This award is funded under the American Recovery and Reinvestment Act of 2009 (Public Law 111-5).
A newly developed three dimensional numerical modeling code that can deal with elasto-visco-plastic deformation will be used to study the controls on faulting during oblique continental extension. This project is a two-phase study that focuses on the controls on patterns of tectonic extension of continental lithosphere. The first phase of the project deals with general questions about the physics of fault development and builds directly on previous work on two dimensional extensional faulting: (1) determination of fault weakening parameters that are needed to match normal fault population statistics for natural and analog studies: size frequency distribution and length offset ratios of model and observed faults would be considered; (2) the effect of elasticity on the pattern of faulting, which has bearing on which numerical methods most efficiently simulate faulting during lithospheric extension. In the second phase of the project, three natural type examples of oblique rifting will be modeled, each of which extended with different initial conditions of thermal and crustal thickness: (1) a region where the crust was likely cold at the time of rifting in order to assess the degree of pre-heating of the rift zone that is needed to explain the along-axis segmentation and across-axis structure of faulting in the Gulf of Suez; (2) a region of moderately thick, warm crust, where highly oblique extension was apparently accommodated by two distinct geometries of transtension to determine what is needed to produce the change from strain partitioning to transtension seen in the Gulf of California; (3) extension of thick, hot crust that may have led to the formation of metamorphic core complexes in places like the Colorado River Extensional Corridor to evaluate if buoyant pluton emplacement is needed for the formation of domal cores of metamorphic core complexes. All the models would consider extreme amounts of oblique extension of areas with thin lithosphere and one suite of models would include a buoyant mid-crustal layer.

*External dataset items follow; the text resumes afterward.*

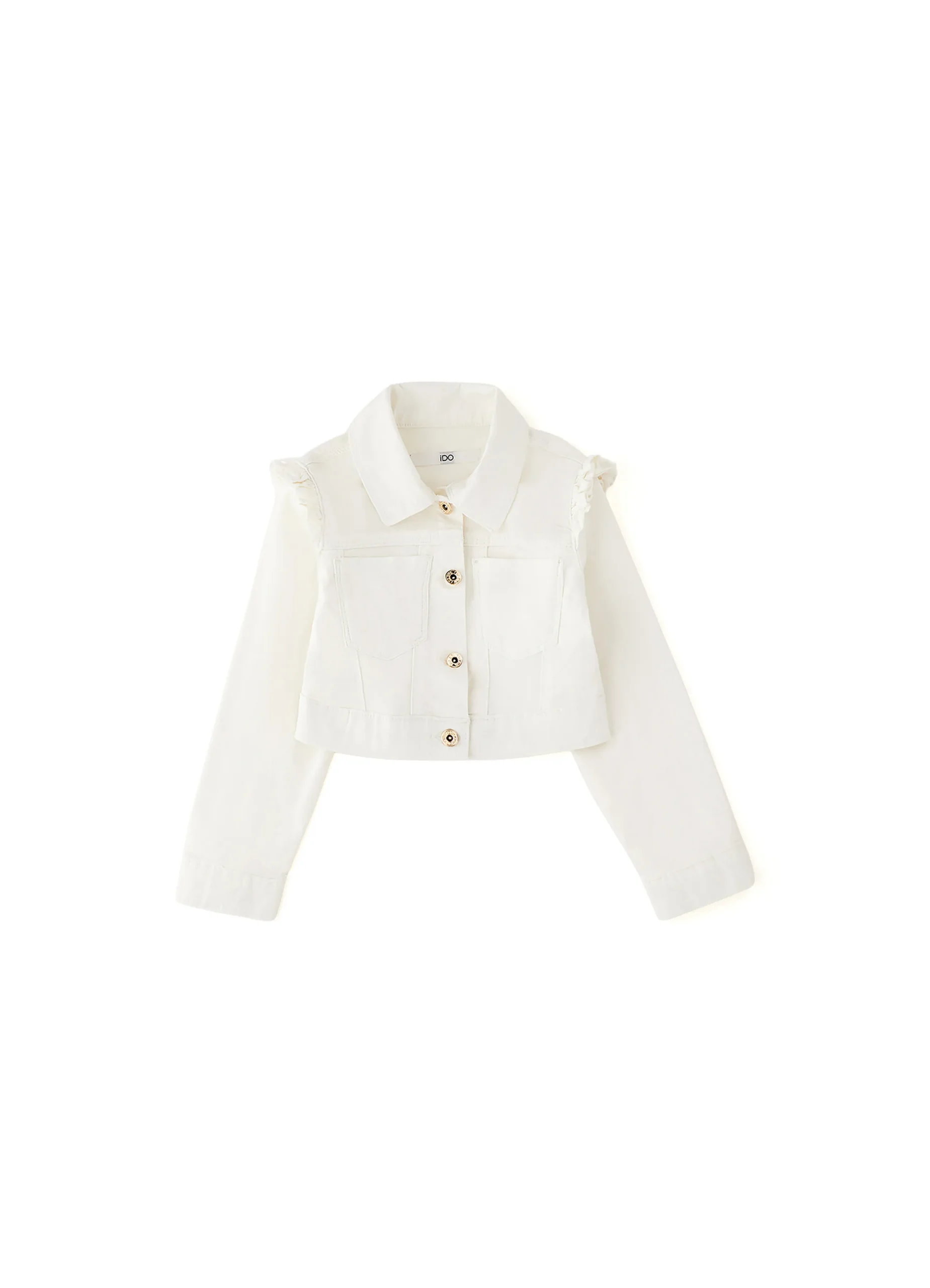 iDO girls’ jacket made from stretch cotton twill with ruffles on the shoulders, rhinestones, and embroidery on the back.
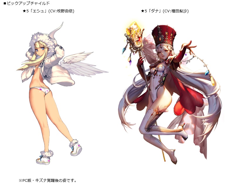 みんなの視線は私に釘付け♪防御型★5「エシュ」(CV:牧野由依)、全てを護る女神!防御型★5「ダナ」(CV:種田梨沙)がピックアップ召喚15体の中でも召喚確率UPで登場!!
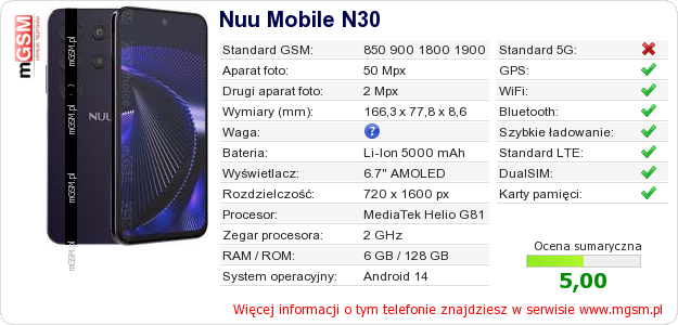 Dane telefonu Nuu Mobile N30 na Twojej stronie

The breakup of continents controls the shape of the Earth's surface and directly affects regional and global climate. Besides curiosity about geography and climate there are economic reasons to study the how breakup, or rifting, occurs. Much of the world's hydrocarbon reserves were formed and preserved in the geologic structures of rifted continental margins. The research team has recently advanced the hypothesis that continental breakup occurs only under one of two special circumstances: when injection of magmatic dikes heats and weakens the lithosphere or when thickening the crust during mountain building also warms and weakens the lithosphere. The goal of this project is to investigate how these very different processes may produce the great variety of structures observed at rifted continental margins. To study the development of rift structures advanced numerical models, similar to those used by engineers to design structures that do not fail under reasonable loads will be employed. These models differ from most engineering models in that how multiple failure or slip events on faults combine to produce structures on a very large spatial and temporal scale are considered. Previously, some of these structures have been modeled in two dimensions. Now, the combination of better numerical methods and bigger computer clusters permits examination of how these structures develop in three dimensions. This is particularly important since some of the structures are intrinsically three dimensional. By trying to reproduce the observed patterns of faults, crustal thickness, and topography the strength of faults may be constrained and aid in understanding earthquake behavior.